*Assignment*: Once the images are removed, set down everything else in the listing below exactly.

*** Raw data

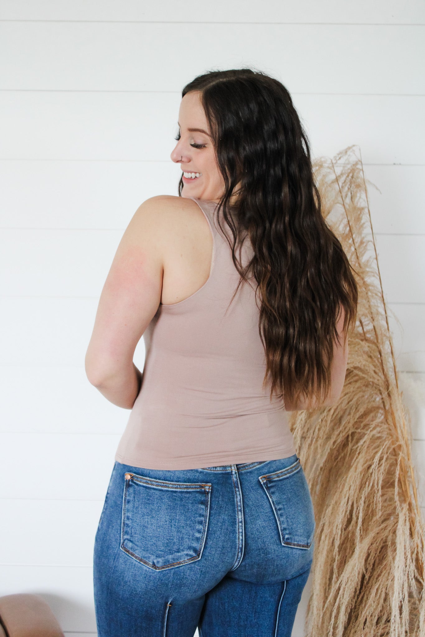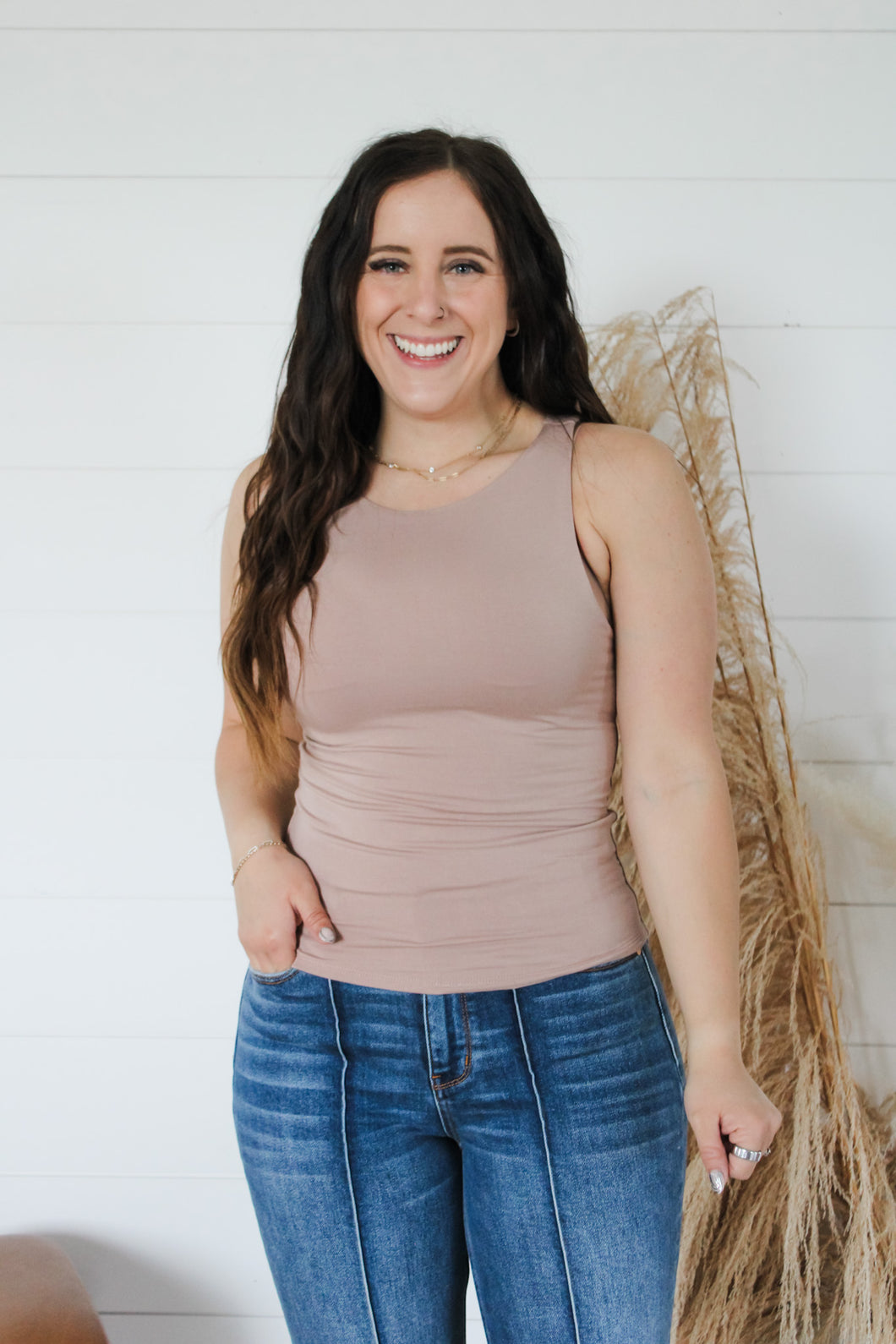 Experience effortless style with our Over Again Tank. This basic double-lined full-length boat neck design offers both coverage and comfort. The super soft knit fabric feels like a gentle hug against your skin, making it the playful piece you'll reach for again and again. Perfect for layering or wearing solo on sunny days!
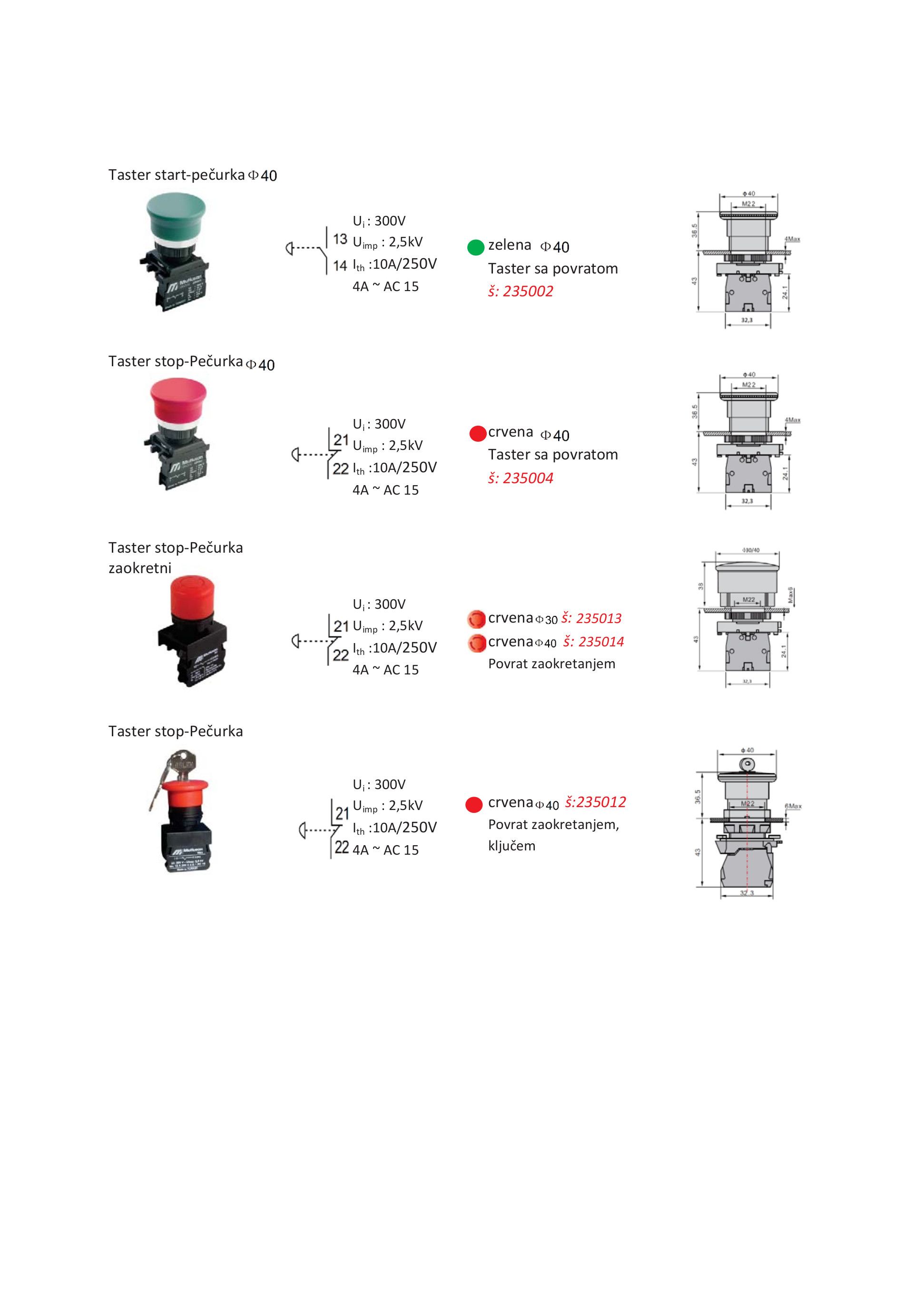 Namena: Uredjaji koji se koriste za upravljanje komandnim tablama i pultovima u industrijiskim sistemima za automatizaciju. Proizvedeni su da komutiraju upravljacka kola i upravljaju ukljucivanjem ili iskljucivanjem izvršnih mehanizama kao što su releji,kontaktori i dr. Veza se ostvaruje pomocu navojnih klema, na koje mogu da se povežu kablovi preseka do 2,5mm^2.
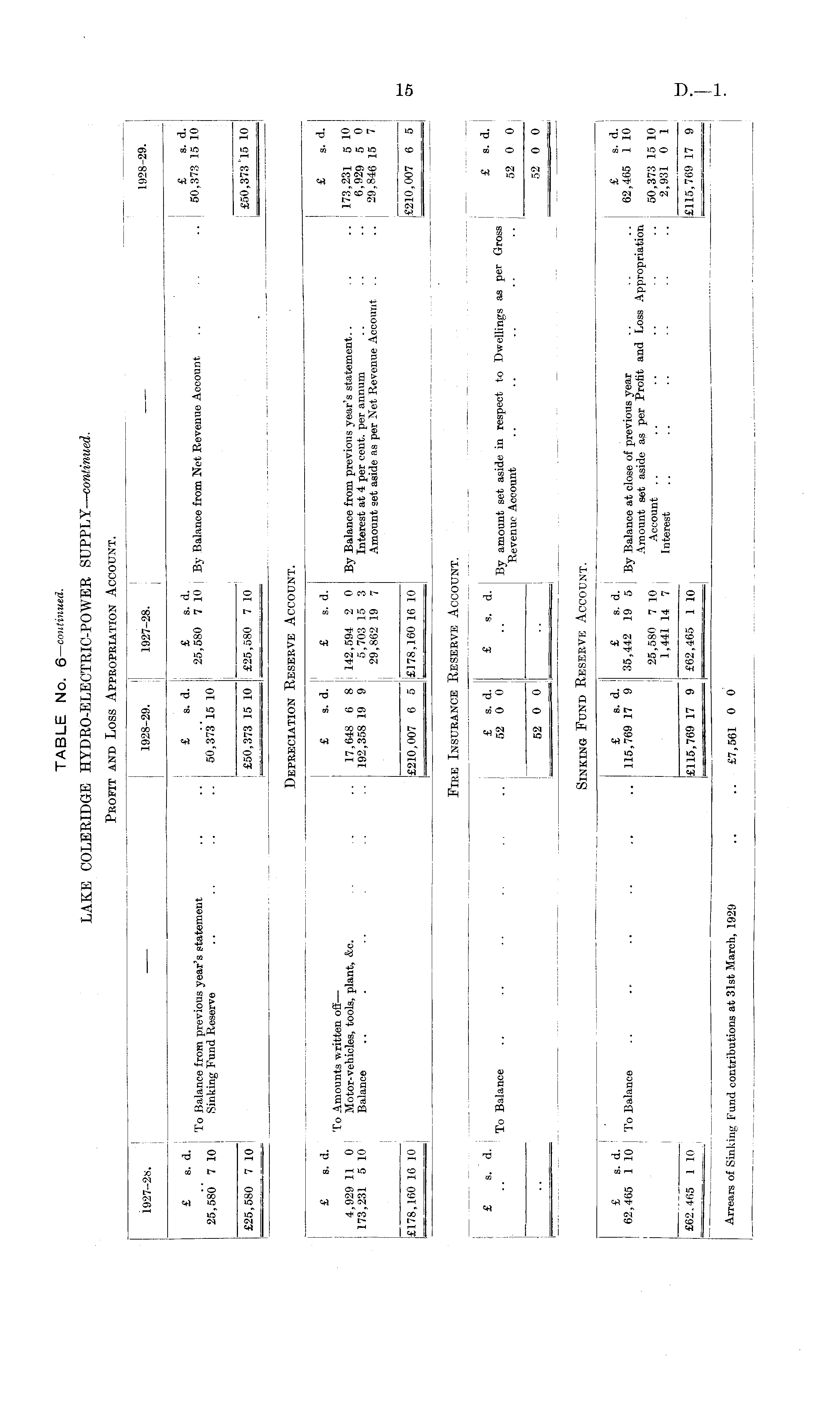 Profit and Loss Appropriation Account. 1927-28. 1928-29. 1927-28. 1928-29. £ s. d. £ s. d. £ s. d. £ s. d. j To Balance from previous year's statement .. .. .. 25,580 7 10 By Balance from Net Revenue Account .. . .. j 50,373 15 10 25,580 7 10 Sinking Fund Reserve .. .. .. .. 50,373 15 10 £25,580 7 10 £50,373 15 10 £25,580 7 10 £50,373 15 10 Depreciation Reserve Account. I i j ~ £ s. d. £ s. d. £ s. d. £ s* dTo Amounts written off — 4,929 11 0 Motor-vehicles, tools, plant, &c. .. .. 17,648 6 8 142,594 2 0 By Balance from previous year's statement.. .. .. 173,231 5 10 173,231 5 10 Balance .. . .. .. .. 192,358 19 9 5,703 15 3 Interest at 4 per cent, per annum .. .. .. 6,929 5 0 29,862 19 7 Amount aet aside as per Net Revenue Account .. .. 29,846 15 7 £178,160 16 10 £210,007 6 5 £178,160 16 10 £210,007 6 5 Fire Insurance Reserve Account. £ s. d. £ s. d. i £ s. d. £ s - d. To Balance .. .. .. .. .. 52 0 0 .. By amount set aside in respect to Dwellings as per Gross Revenue Account .. .. .. .. .. 52 0 0 52 0 0 52 0 0 Sinking Fund Reserve Account. £ s. d. £ s. d. £ s. d. £ s. d. 62,465 1 10 To Balance .. .. .. .. .. 115,769 17 9 i 35,442 19 5 I By Balance at close of previous year .. .. .. 62,465 1 10 Amount set aside as per Profit and Loss Appropriation 25,580 7 10 Account .. .. .. •• ■ •• 50,373 15 10 1,441 14 7 Interest .. .. •• •• 2,931 0 1 £62.465 1 10 £115,769 17 9 £62,465 1 10 j £115,769 17 9 Arrears of Sinking Fund contributions at 31st March, 1929 .. .. £7,561 0 0

******

*Answer for the task*:
 Experience effortless style with our Over Again Tank. This basic double-lined full-length boat neck design offers both coverage and comfort. The super soft knit fabric feels like a gentle hug against your skin, making it the playful piece you'll reach for again and again. Perfect for layering or wearing solo on sunny days!
 Namena: Uredjaji koji se koriste za upravljanje komandnim tablama i pultovima u industrijiskim sistemima za automatizaciju. Proizvedeni su da komutiraju upravljacka kola i upravljaju ukljucivanjem ili iskljucivanjem izvršnih mehanizama kao što su releji,kontaktori i dr. Veza se ostvaruje pomocu navojnih klema, na koje mogu da se povežu kablovi preseka do 2,5mm^2.
 Profit and Loss Appropriation Account. 1927-28. 1928-29. 1927-28. 1928-29. £ s. d. £ s. d. £ s. d. £ s. d. j To Balance from previous year's statement .. .. .. 25,580 7 10 By Balance from Net Revenue Account .. . .. j 50,373 15 10 25,580 7 10 Sinking Fund Reserve .. .. .. .. 50,373 15 10 £25,580 7 10 £50,373 15 10 £25,580 7 10 £50,373 15 10 Depreciation Reserve Account. I i j ~ £ s. d. £ s. d. £ s. d. £ s* dTo Amounts written off — 4,929 11 0 Motor-vehicles, tools, plant, &c. .. .. 17,648 6 8 142,594 2 0 By Balance from previous year's statement.. .. .. 173,231 5 10 173,231 5 10 Balance .. . .. .. .. 192,358 19 9 5,703 15 3 Interest at 4 per cent, per annum .. .. .. 6,929 5 0 29,862 19 7 Amount aet aside as per Net Revenue Account .. .. 29,846 15 7 £178,160 16 10 £210,007 6 5 £178,160 16 10 £210,007 6 5 Fire Insurance Reserve Account. £ s. d. £ s. d. i £ s. d. £ s - d. To Balance .. .. .. .. .. 52 0 0 .. By amount set aside in respect to Dwellings as per Gross Revenue Account .. .. .. .. .. 52 0 0 52 0 0 52 0 0 Sinking Fund Reserve Account. £ s. d. £ s. d. £ s. d. £ s. d. 62,465 1 10 To Balance .. .. .. .. .. 115,769 17 9 i 35,442 19 5 I By Balance at close of previous year .. .. .. 62,465 1 10 Amount set aside as per Profit and Loss Appropriation 25,580 7 10 Account .. .. .. •• ■ •• 50,373 15 10 1,441 14 7 Interest .. .. •• •• 2,931 0 1 £62.465 1 10 £115,769 17 9 £62,465 1 10 j £115,769 17 9 Arrears of Sinking Fund contributions at 31st March, 1929 .. .. £7,561 0 0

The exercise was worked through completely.